To achieve this goal, a study of the latest research covering auditory attention models, environmental sound classification techniques, deep learning-based methods, and human auditory response mechanisms was conducted to better understand the state of the art and the complexity of achieving the objectives of this doctoral work. This study highlighted the inherent shortcomings of existing techniques and directed our investigations toward modeling bio-inspired mechanisms for detecting auditory deviance. These models were associated with convolutional neural networks (CNNs) to categorize detected sounds in the environment by exploiting a knowledge-based system.
Subsequently, the work led to the implementation of a model for detecting auditory deviance using both temporal and spatial characteristics of the perceived sound (temporal and spatial domains).
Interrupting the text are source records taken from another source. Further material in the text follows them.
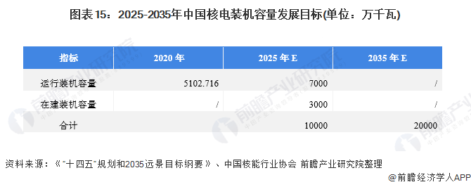 根據《“十四五”規劃和2035遠景目標綱要》,至2025年,我國核電運行裝機容量達到7000萬千瓦。此外,根據中國核能行業協會發布的《中國核能年度發展與展望(2020)》中的預測數據顯示,到2025年,我國在運核電裝機達到7000萬千瓦,在建3000萬千瓦;到2035年,在運和在建核電裝機容量合計將達到2億千瓦;核電建設有望按照每年6至8臺機組穩步推進。
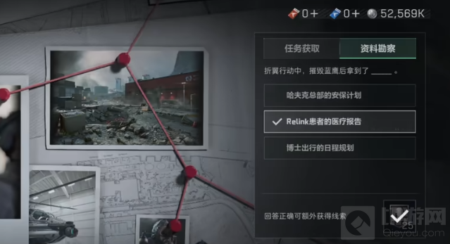 最后,点击右侧的【资料勘察】,根据提出的问题选择正确的答案即可参与。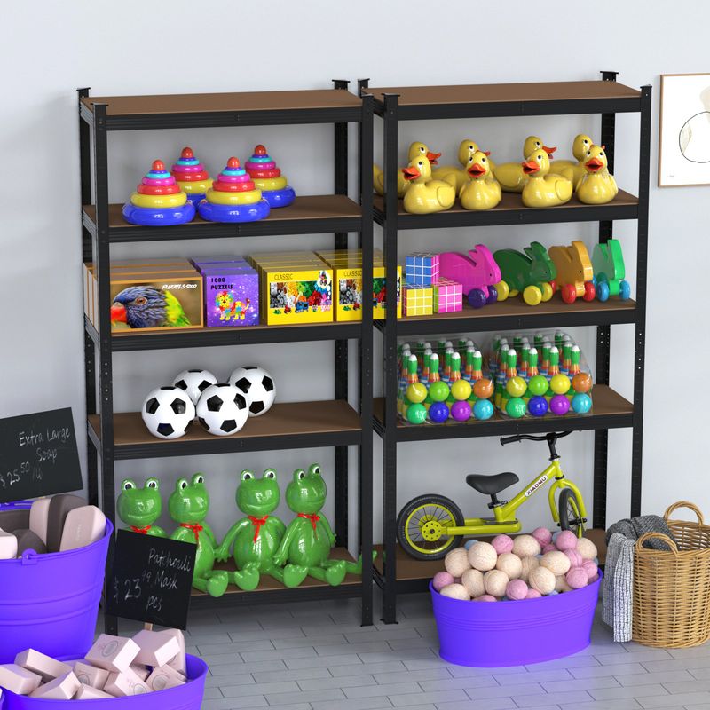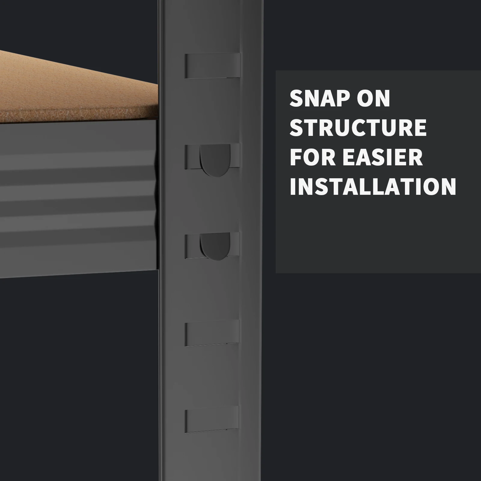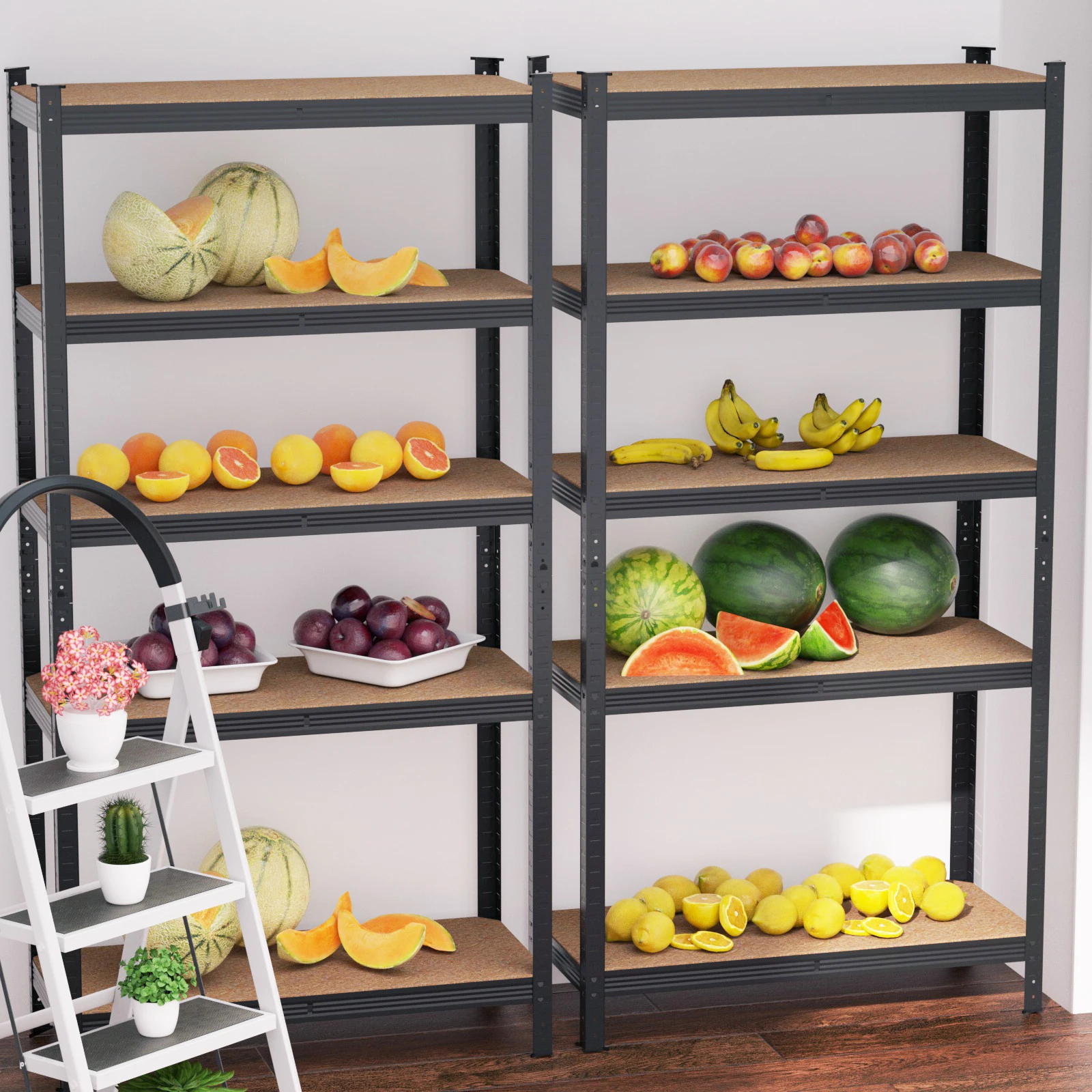 Robust: sturdy galvanised steel pillars, additional beams and strong MDF shelves ensure a stable stand and a load capacity of up to 875 kg (175 kg per shelf) - whether it's for tools, supplies, boxes, garden accessories and more!

An approach for extracting such characteristics was proposed. Thus, these characteristics contribute to detecting deviance and auditory salience in each domain (i.e., temporal domain and spatial domain) to be combined later to enhance the detection and categorization of the perceived sound from the real environment (i.e., the final output). Experimental results demonstrate the viability of the proposed model for detecting salient deviant sounds in an audio clip, as well as the robustness and accuracy of the proposed models.
Finally, the work resulted in the development of a powerful model for detecting and characterizing environmental sounds, derived from the fusion of two 4-layer CNNs. The two types of aggregated acoustic features proposed and evaluated in Chapter 4 were used to train each CNN separately. The fusion occurs at the "softmax" values of the two CNN models. Experimental results revealed exceptional performance in detecting and classifying sound events: 97.2% obtained on the UrbanSound8K dataset, which is 4.2% higher than the most effective methods in the field.